### TASK OBJECTIVE
Scan the following material for the string "energías" and copy each line in which it appears.

### DATA SUPPLIED
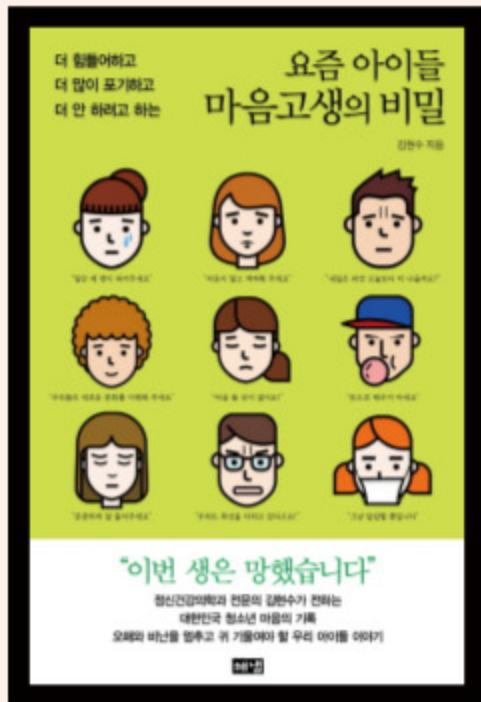
요즘 아이들 마음고생의 비밀

학과에서 소모임으로 한 학기에 책 5권 읽기를 해 오고 있다. 학교에서 이렇게 교수님들의 서재를 털겠다고 했을 때 매우 반가웠다. 학생들이 읽었으면 했던 책, 학생들에게 추천하고 싶었던 책들을 소개할 수 있는 기회가 있어 고맙다. 2만 여명의 학생 중 몇 명이나 추천 책을 읽을지 모르겠지만 단 한명이라도 읽어준다면 감사하겠다. 그리고 그들의 소감 또한 들을 수 있는 기회가 있었으면 좋겠다.
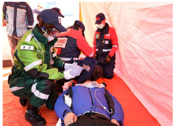
応急救護訓練 【幕張メッセ】
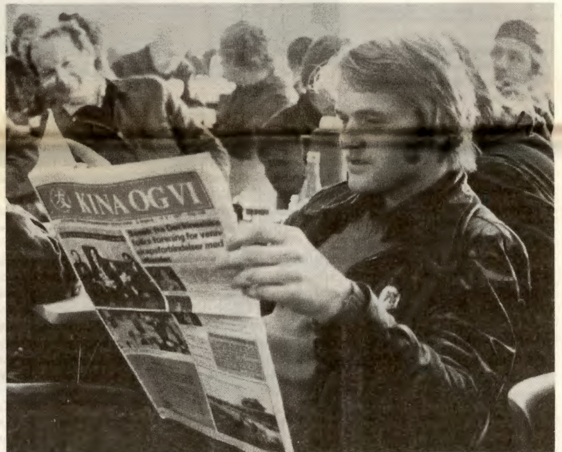
Du studerer vel? Denne karen ser i alle fall ut til å ha funnet mye spennede...

Mye av dette må vi gjennom likevel – og tilbud om studier på aktuell politikk kan mange steder være viktig for om vi få til kommunevalglistene – eller for om vi skal greie å videreutvikle det kommunalpolitiske arbeidet vårt.
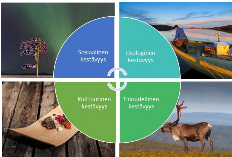
Kuva 1: Kestävän kehityksen osa-alueet

Inarijärvi on Suomen kolmanneksi suurin järvi ja se on monella tapaa arvokas ”helmi” ja aarre. Lähes kaikki merkittävät vedet Inarin kunnassa laskevat vetensä Inarijärveen, ja siten järven säilymiseksi puhtaana halutaan tehdä kaikki mahdollinen. Inarijärvi on vetovoimainen niin elinkeinollisesti, paikallisten ihmisten virkistyskohteena kuin luonnontuotteiden aarreaittana. Hankkeen toimenpiteet kohdentuvat pääasiassa Inarijärven ympärillä oleviin kyliin ja kylien toimijoihin. Hankekyliä ovat pääasiassa Inari, Nellim, Veskonieni, Keväjäjärvi ja Partakko. Myös muiden kylien toimijat voivat olla hankkeessa mukana. Hankkeessa Inarijärveä tullaan käsittelemään monipuolisena kestävän matkailun toiminta-alueena, ei vain järvenä.
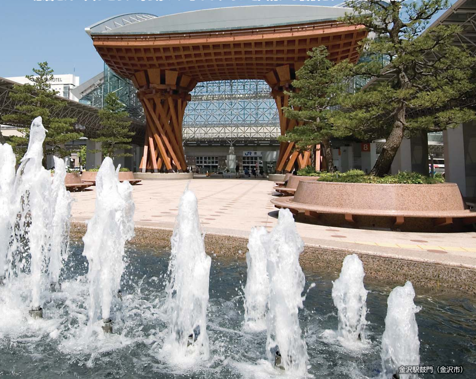
金沢駅鼓門（金沢市）

患者さん一人ひとりに寄り添い、心のふれあいを大切にし信頼される医療を目指します。
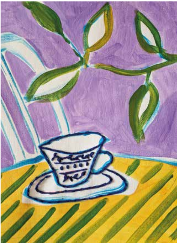
Trenutak mira , kombinirana tehnika: akril na platnu, ručni vez koncem, 25x30 cm, 2023.
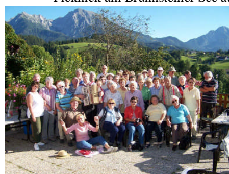
und schie war's beim Moosgierler
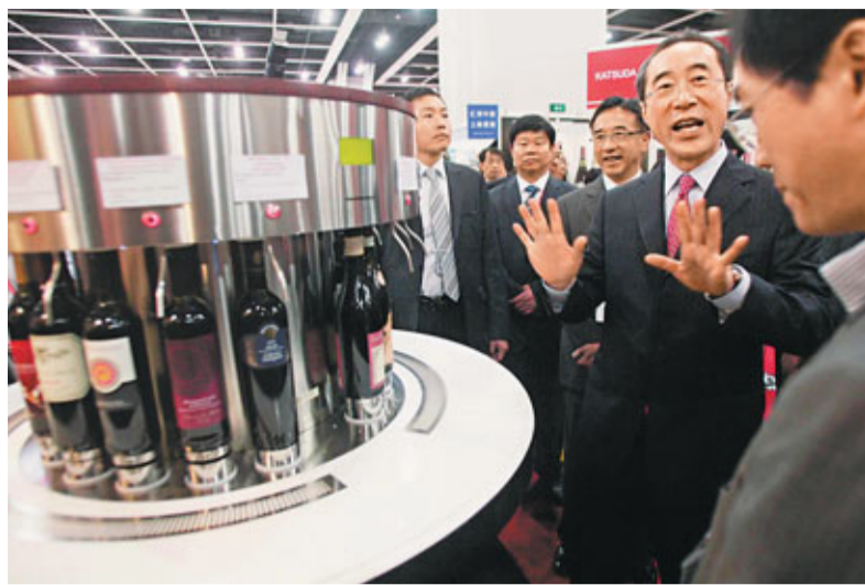
唐英年參觀會場的紅酒及相關產品展銷。

香港文匯報訊(記者 羅敬文) 國際餐飲業展覽昨日起一連4日在灣仔會議展覽中心舉行,吸引逾1,800間公司參展,但受日本核輻射影響,日本參展商減至18間,較上屆減少70%。參展的本港展商肩負了挽回食客信心的重責,有展商以新產品突圍,推廣聲言有治癌及防癌功用的水雲等海產。
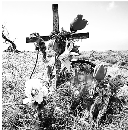
Фото 9. Автоtrasа з м. Немирів за 5 км с. Ковалівка. 13.08.2015 р. Хрест на місці аварії, де загинула дитина. Штучні квіти та іграшки приносять рідні

Поклінні хрести біля релігійних установ. Зазвичай це дерев'яні хрести, такого ж типу як придорожні. Без особливих прикрас. Встановлюють їх, як правило, перед початком будівництва релігійного об'єкту (каплиця, церква, костел, монастир) для означення «присутності в цьому місці божої благодаті».
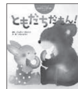
ともだちだもん! ジュディ・デルトン
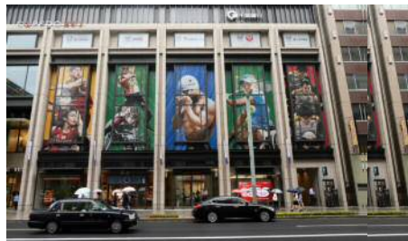
三井不動産（コレド日本橋）
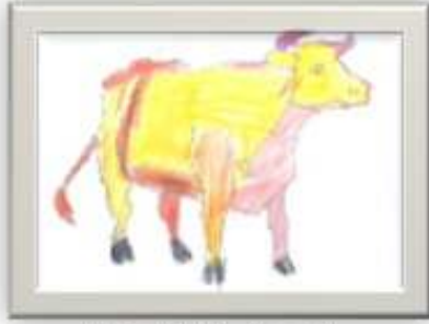
سالي جمال علوان ٧ سنوات شكل رقم ( ١٠ )
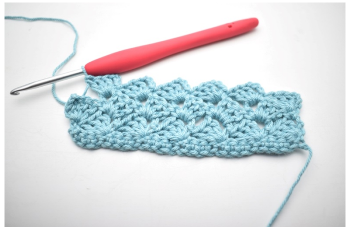
30. "Hekle 1 fm, 3 lm og 3 stv i neste lm-bue". Gjenta "til" i alt 13 ganger.
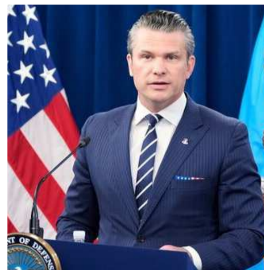
అమెరికాలో ఆశ్రయాన్ని కల్పించే ఎలాంటి ప్రణాళికలూ ప్రస్తుతానికి తమకు లేవని అమెరికా రక్షణ మంత్రి తేల్చి చెప్పారు.

బాలిస్టిక్ మిసైల్ లాంచ్ ప్యాడ్లపై వేశామని పేర్కొంది. అమెరికా సంకల్పం ఎంత బలమైందో ఇరాన్ అర్థం చేసుకోలేకపోతోందని అమెరికా రక్షణ మంత్రి పీట్ హెగ్గెట్ అన్నారు. ఇరాన్‌పై తమ సైనిక చర్యను బలంగా కొనసాగిస్తామని ఆయన స్పష్టం చేశారు. వాషింగ్టన్‌లో విలేకరుల సమావేశం వేదికగా పీట్ హెగ్గెట్ ఈ వ్యాఖ్యలు చేశారు. అమెరికాను ఇరాన్ నేతలు, ఐఆర్జీసీ తక్కువ అంచనా వేస్తున్నాయని ఆయన చెప్పారు. తమ సంకల్పానికి కట్టుబడి ఉంటామని, ఇరాన్‌పై పోరాటాన్ని కొనసాగిస్తామని వెల్లడించారు. పూర్తి శక్తితో అమెరికా ఇప్పుడే దాడులను మొదలుపెట్టినదన్నారు. ఒకవేళ అవసరమైతే దీర్ఘకాలం పాటు ఈ యుద్ధాన్ని చేసేందుకు అమెరికా సన్నద్ధమై ఉందని పేర్కొన్నారు. ఇరాన్ దాడుల నేపథ్యంలో అరబ్ దేశాల నుంచి అమెరికాకు శరణార్థులు క్యూ కట్టే ఛాన్స్ ఉందనే ప్రచారం జరుగుతోంది. అయితే అరబ్ శరణార్థులకు
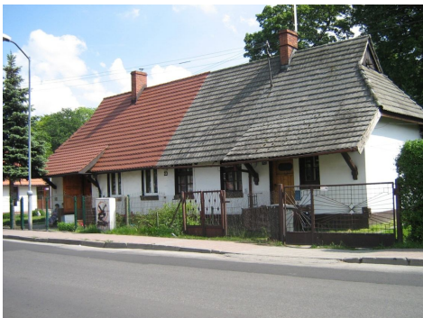
Ryc. 8. Fragment pierwotnej zabudowy mieszkaniowej osiedla patronackiego Giszowiec
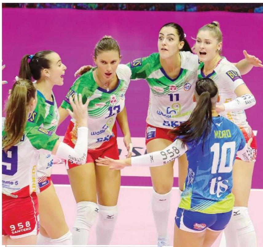
Per le ragazze della Wash4Green Pinerolo un buon debutto in serie A1 (DEL BO/VERO VOLLEY)

Ritaglio Stampa ad uso esclusivo del destinatario. Non riproducibile
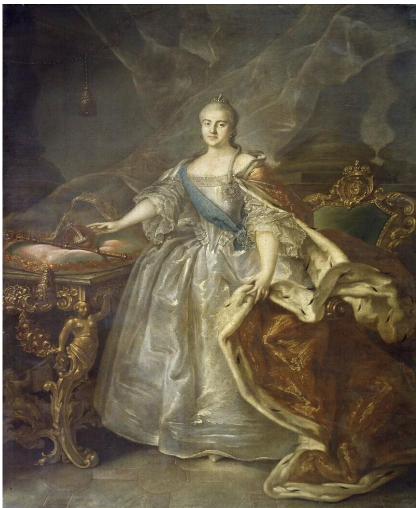
Фотография 1. Портрет Екатерины II (1762 г.). Художник И.П. Аргунов 64
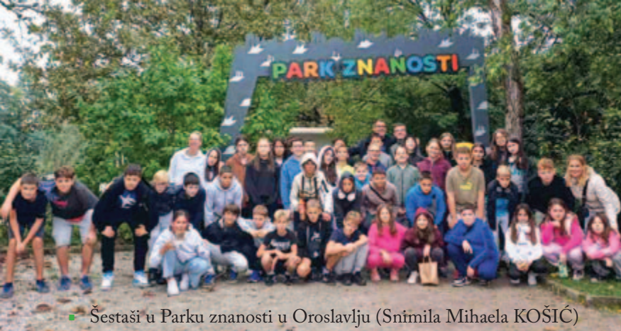
▪ Šestaši u Parku znanosti u Oroslavlju
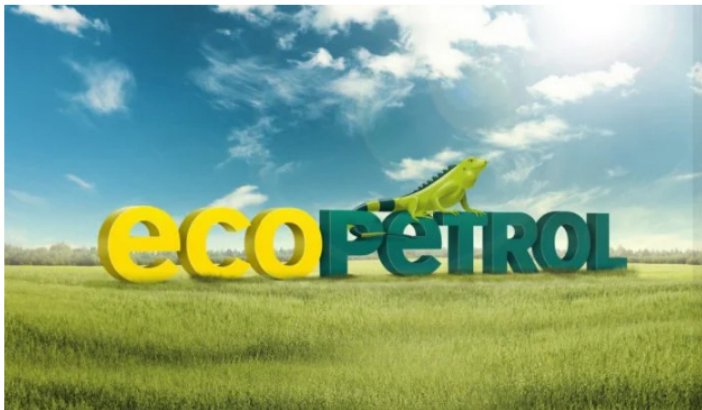
Ecopetrol crearía línea de negocio solo para energías renovables.

El presidente de Ecopetrol, Ricardo Roa Barragán, sobre los avances que ha tenido la compañía con los proyectos de energías renovables -como a eólica-, indicó que desde que se estableció la hoja de ruta 2040 se sigue aspirando que la petrolera sea líder de la transición energética en Colombia en línea con el Plan Nacional de Desarrollo.
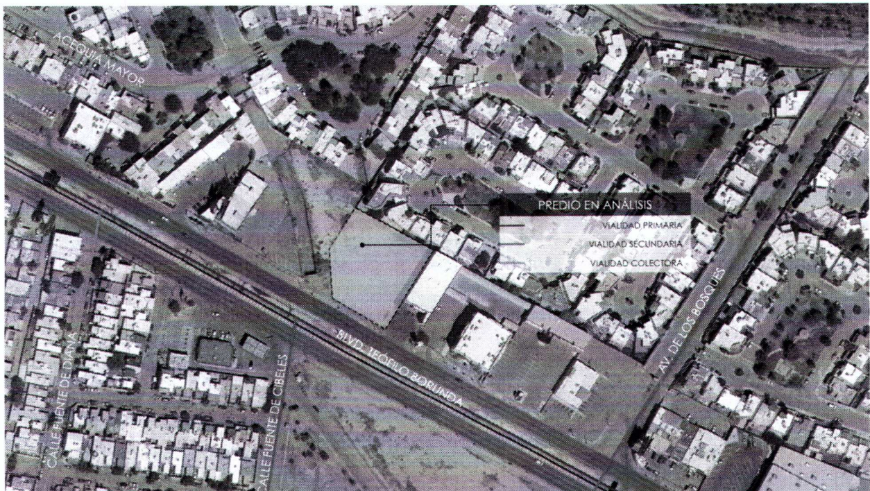
Figura 1. Ubicación del predio en estudio.

Vistos para resolver respecto solicitud de una Modificación Menor al Plan de Desarrollo Urbano Sostenible para el Centro de Población de Ciudad Juárez Chihuahua 2016 (PDUS) presentada ante esta Comisión que consiste en un cambio de zonificación secundaria de un predio con una zonificación H-40: Habitacional 40 viv/ha a una zonificación SH-4/60: Servicios y Habitacional ubicado en el Blvd. Teófilo Borunda número 7671 de la colonia Partido Iglesias de esta ciudad, que cuenta con una superficie total de 2,759.29 m 2 . (Ver figura 1)
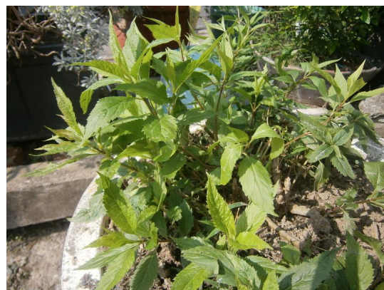
澤蘭，西拉雅語叫做「伊興」，是族人的平安符。
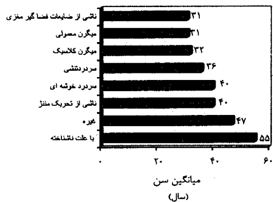
نمودار ۱: میانگین سنی در انواع سردرد در مراجعین به بیمارستان سینا همدان در سال ۱۳۷۷

سن بعنوان یکی دیگر از فاکتورها مورد بررسی قرار گرفت. متوسط سنی جامعه مورد مطالعه ۳۶ سال و انحراف معیار منحنی سن کل بیماران حدود ۱۶ سال می باشد. کمترین و بیشترین سن بیماران به ترتیب ۹ و ۸۰ سال بوده است (نمودار ۱).
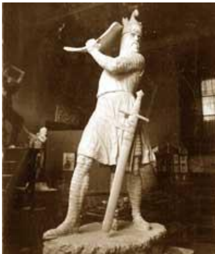
Entwurf der Hagen-Statue
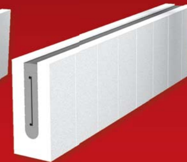
SENDWIX PREKLADA 2DF 115x240x1000-3000
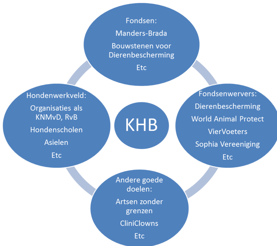
Figuur 3 - Organisaties in het veld rondom de KHB

Elke organisatie opereert in een omgeving die in beweging is. De KHB is enerzijds een goed doel, anderzijds is zij een dierenwelzijnsorganisatie en bevindt ze zich in dit speelveld. Tot slot maakt zij deel uit van het hondenwerkveld. Figuur 3 geeft de verschillende partijen rondom de organisatie weer.

### RESPONSE TO THE TASK
Ecopetrol crearía línea de negocio solo para energías renovables.
El presidente de Ecopetrol, Ricardo Roa Barragán, sobre los avances que ha tenido la compañía con los proyectos de energías renovables -como a eólica-, indicó que desde que se estableció la hoja de ruta 2040 se sigue aspirando que la petrolera sea líder de la transición energética en Colombia en línea con el Plan Nacional de Desarrollo.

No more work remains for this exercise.